Hab's nicht mit Paint gemacht :D hm hast Recht sieht richtig aufgestellt aus, von der anderen Seite betrachtet, aber die Funktion macht mit 36000- Ay *x2 , keinen Sinn, denn dann wäre im Momentenverlauf ja auf einmal einfach 1 Null Durchgang. und mit nem Vorzeichen wechsel würde es auch nicht hinhauen. -36000 - Ay *l2 = 0 muss gelten. das passt nicht. Bin verwirrt.^^
Ich stehe hier wohl völlig auf den Schlauch... Kann mir vielleicht einer erklären, warum man das so wie dort angegeben berechnet?

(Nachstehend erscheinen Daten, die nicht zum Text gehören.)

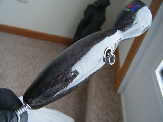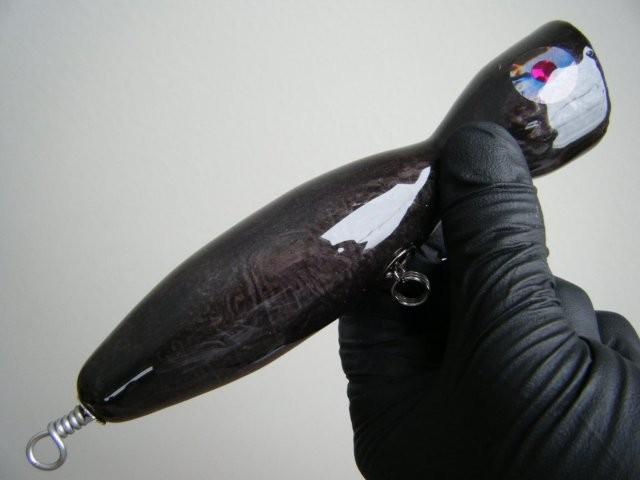| Jump to page : 1 Now viewing page 1 [30 messages per page] More Muskie Fishing -> Basement Baits and Custom Lure Painting -> Musky poppers finished-hardware/final epoxy coat |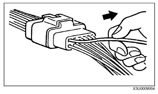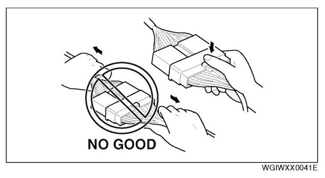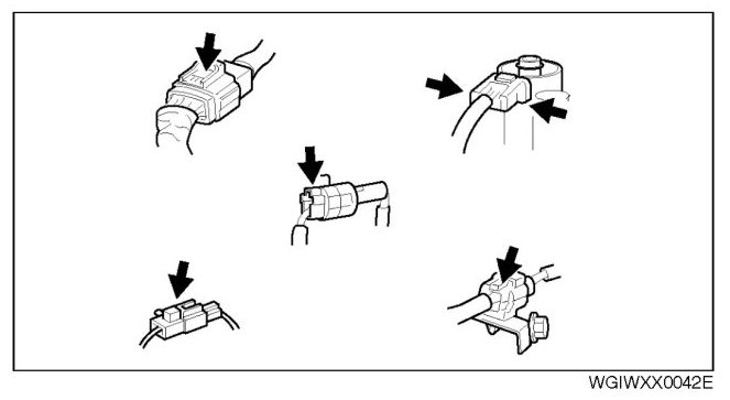 - Inspect the terminals of waterproof connectors from the connector side since they cannot be accessed from the wiring harness side.

Du hast dein F bzw Q was durch dein sigma_z wiedergegben wird und dazu kommt die jeweilige Biegespannung (sigma_b) die durch das Moment erzeugt wird. Bei Zug wird es addiert und bei Druck subtrahiert. Das kannst du dir nochmal anschauen bei den einfachen Schnittverläufen am Balken wenn Zug bzw Druck am Balkenende wirkt. Die Beträge sind gleich da sich die angreifende Kraft nicht verändert. Oder was genau ist dein Problem?
Vielen Dank, hatte einfach einen Denkfehler :)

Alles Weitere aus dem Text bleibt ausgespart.